What you have to do: Please, without any pictures, set down exactly the part of the listing below that opens with the line containing "11 - If endoscopic" and closes with the line containing "普段はA5特撰黒毛和牛すき焼".

Data to use:
####

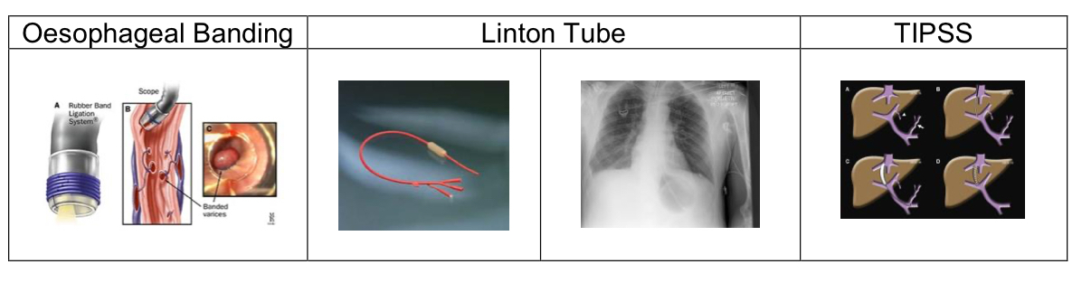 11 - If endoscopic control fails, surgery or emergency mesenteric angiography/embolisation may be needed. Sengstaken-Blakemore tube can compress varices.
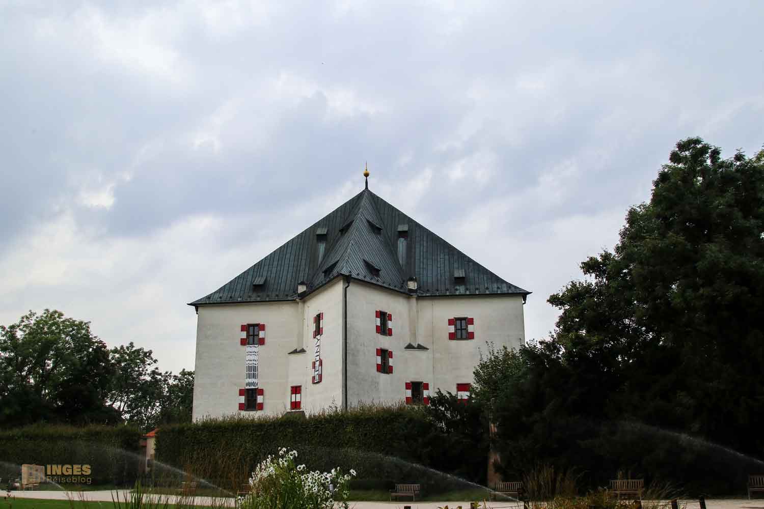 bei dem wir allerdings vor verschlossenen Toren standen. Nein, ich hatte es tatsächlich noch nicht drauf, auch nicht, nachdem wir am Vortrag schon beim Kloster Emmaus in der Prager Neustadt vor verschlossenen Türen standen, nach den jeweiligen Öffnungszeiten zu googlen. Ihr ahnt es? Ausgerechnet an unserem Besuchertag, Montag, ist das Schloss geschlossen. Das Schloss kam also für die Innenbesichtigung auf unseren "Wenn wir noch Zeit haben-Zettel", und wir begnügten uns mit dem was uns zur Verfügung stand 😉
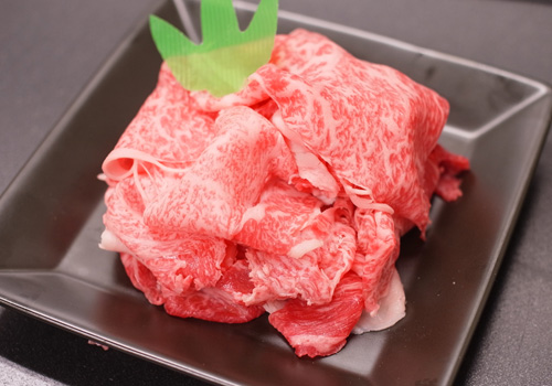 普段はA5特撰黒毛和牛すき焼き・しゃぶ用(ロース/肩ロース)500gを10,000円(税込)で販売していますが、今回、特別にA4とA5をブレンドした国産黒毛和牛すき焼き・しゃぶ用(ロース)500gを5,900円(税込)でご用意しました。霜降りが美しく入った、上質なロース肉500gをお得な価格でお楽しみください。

####

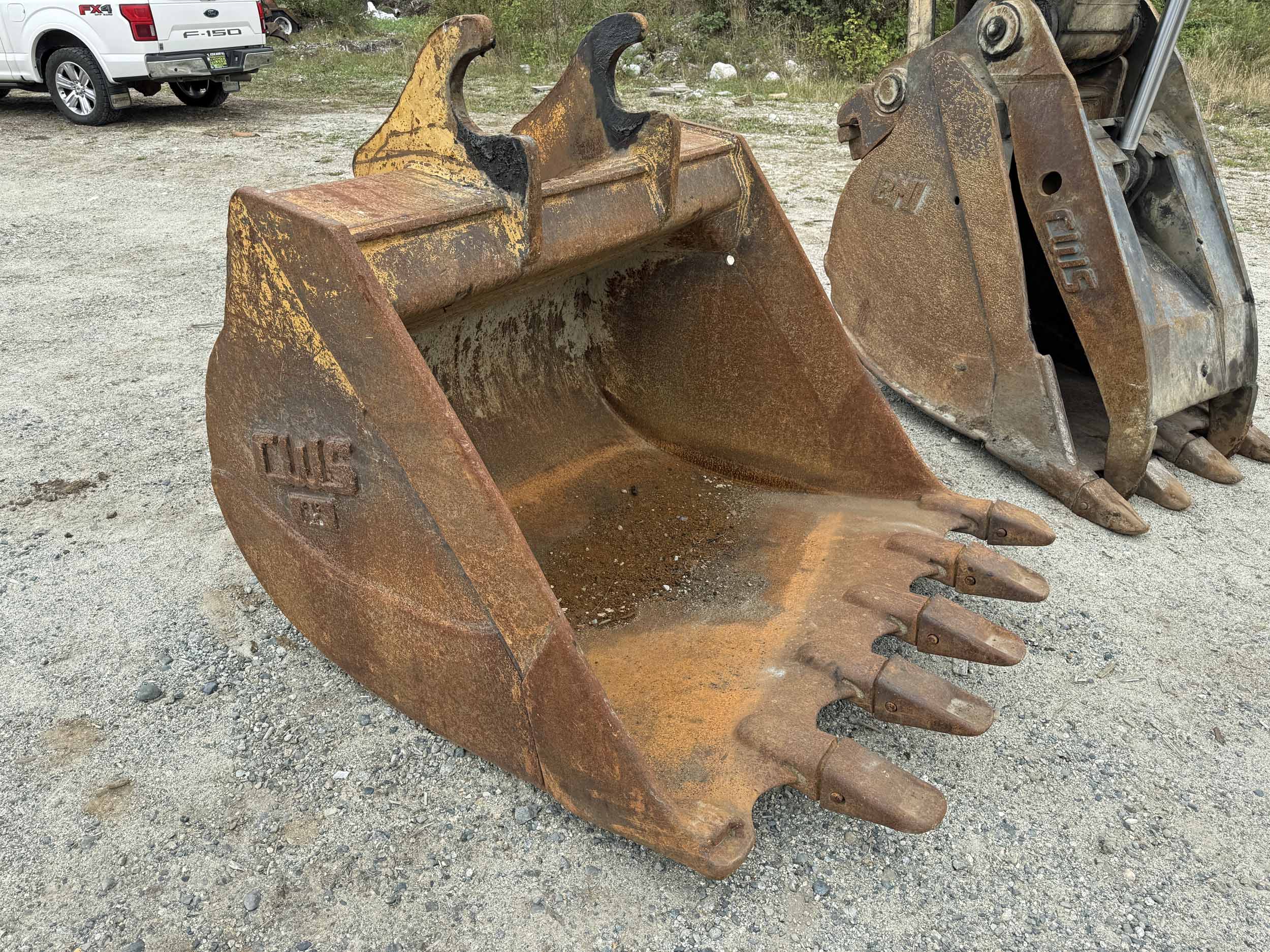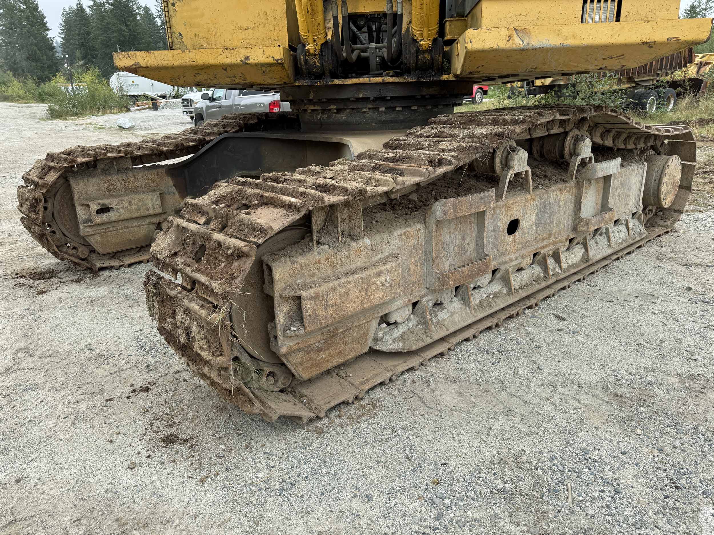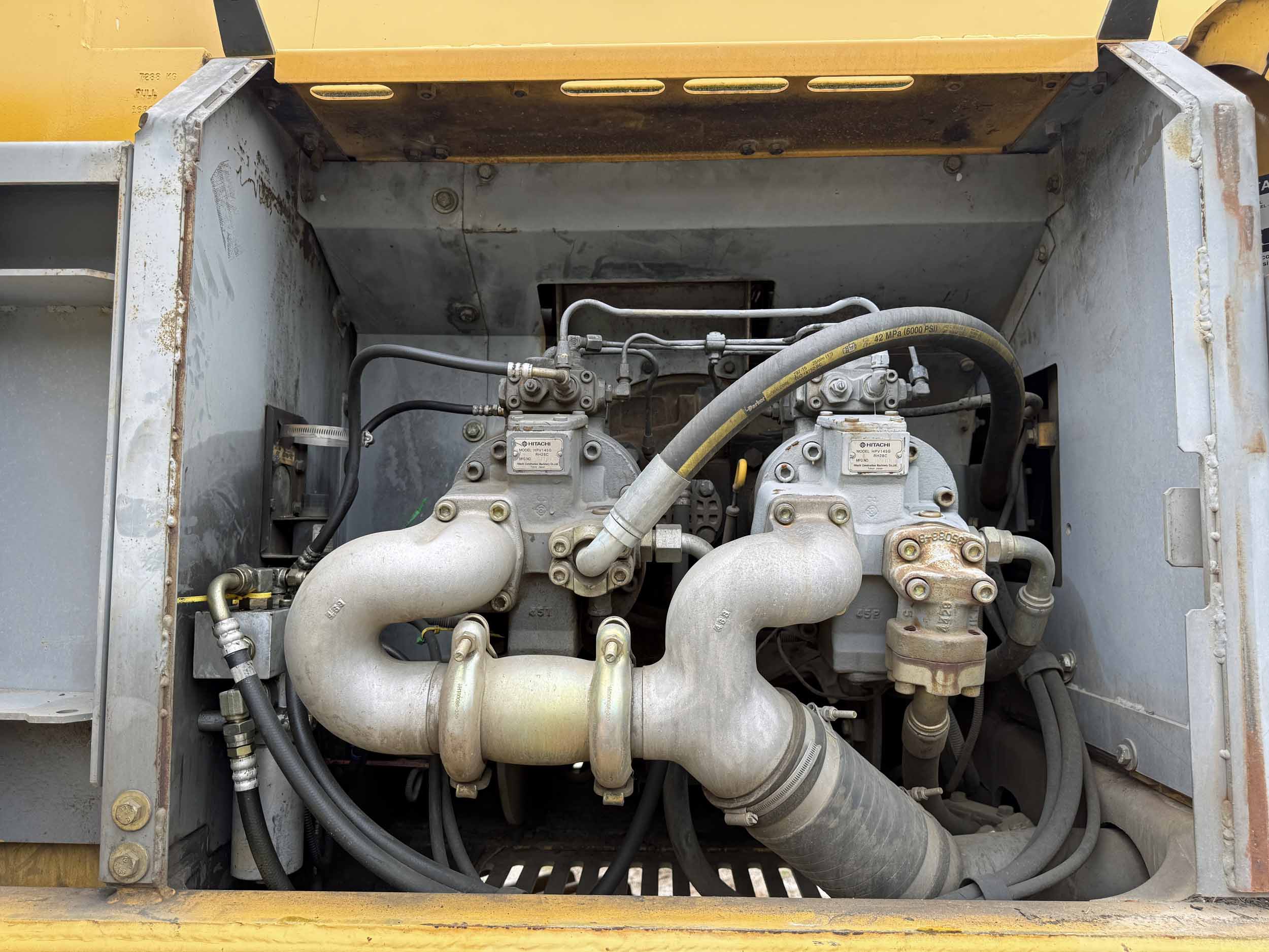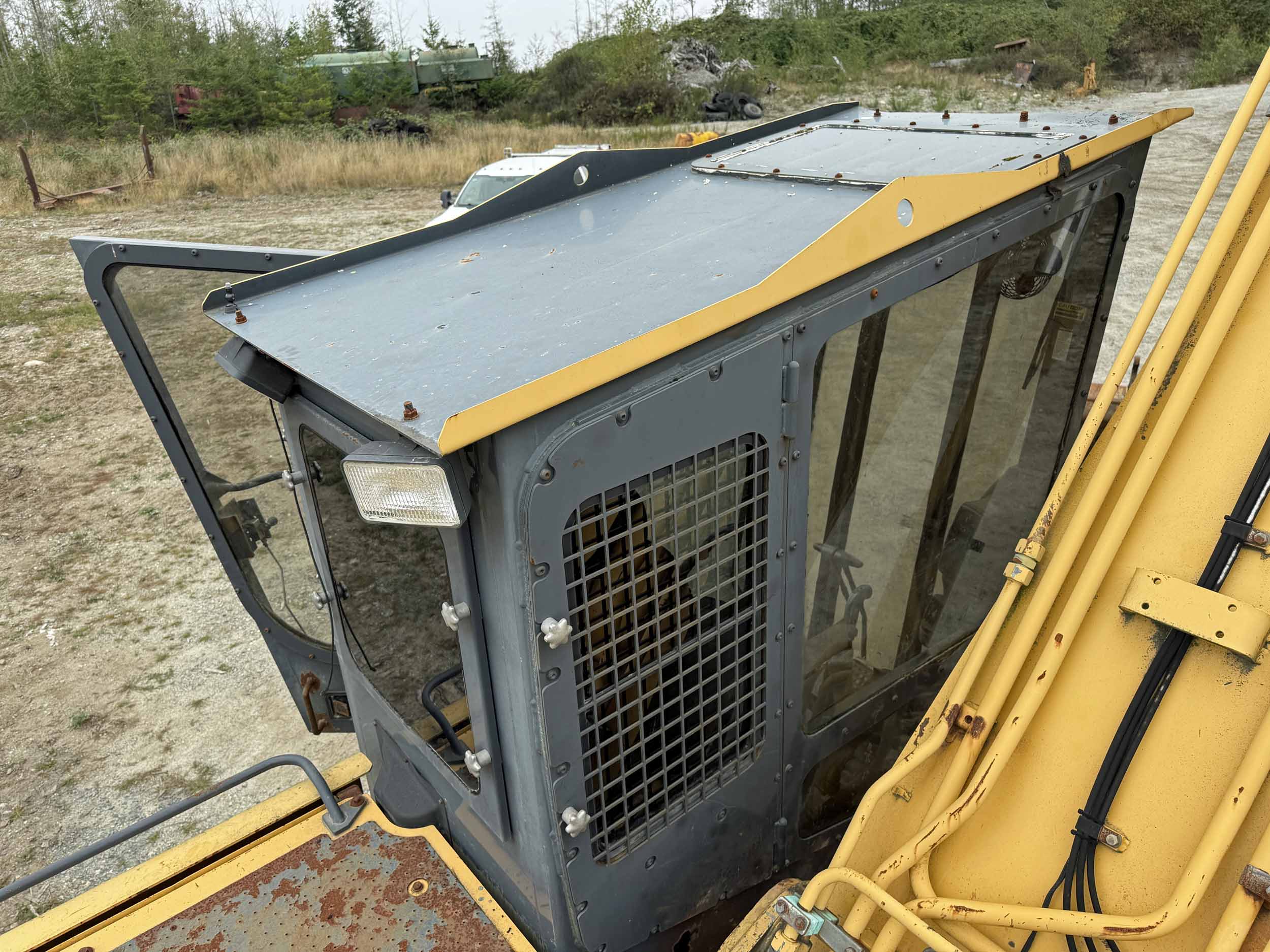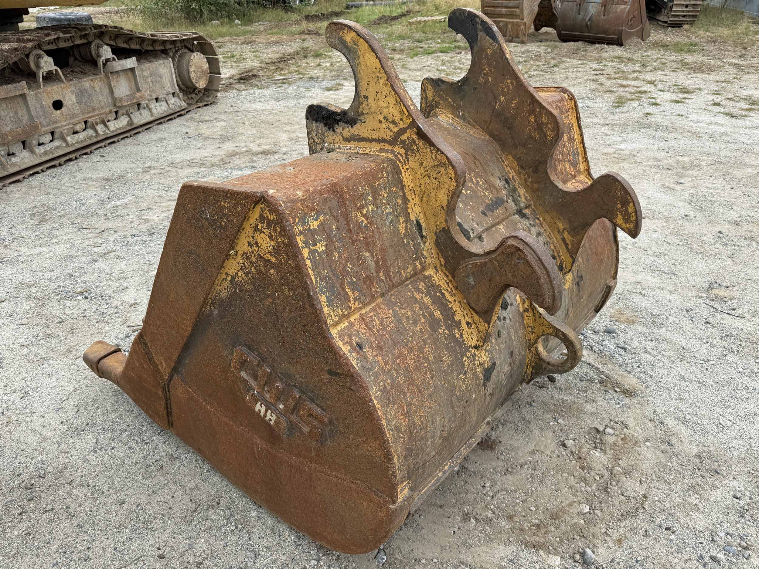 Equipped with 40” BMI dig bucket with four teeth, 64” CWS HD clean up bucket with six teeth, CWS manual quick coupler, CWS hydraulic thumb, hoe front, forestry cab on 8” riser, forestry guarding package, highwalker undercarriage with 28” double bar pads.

####

Task response:
 11 - If endoscopic control fails, surgery or emergency mesenteric angiography/embolisation may be needed. Sengstaken-Blakemore tube can compress varices.
 bei dem wir allerdings vor verschlossenen Toren standen. Nein, ich hatte es tatsächlich noch nicht drauf, auch nicht, nachdem wir am Vortrag schon beim Kloster Emmaus in der Prager Neustadt vor verschlossenen Türen standen, nach den jeweiligen Öffnungszeiten zu googlen. Ihr ahnt es? Ausgerechnet an unserem Besuchertag, Montag, ist das Schloss geschlossen. Das Schloss kam also für die Innenbesichtigung auf unseren "Wenn wir noch Zeit haben-Zettel", und wir begnügten uns mit dem was uns zur Verfügung stand 😉
 普段はA5特撰黒毛和牛すき焼き・しゃぶ用(ロース/肩ロース)500gを10,000円(税込)で販売していますが、今回、特別にA4とA5をブレンドした国産黒毛和牛すき焼き・しゃぶ用(ロース)500gを5,900円(税込)でご用意しました。霜降りが美しく入った、上質なロース肉500gをお得な価格でお楽しみください。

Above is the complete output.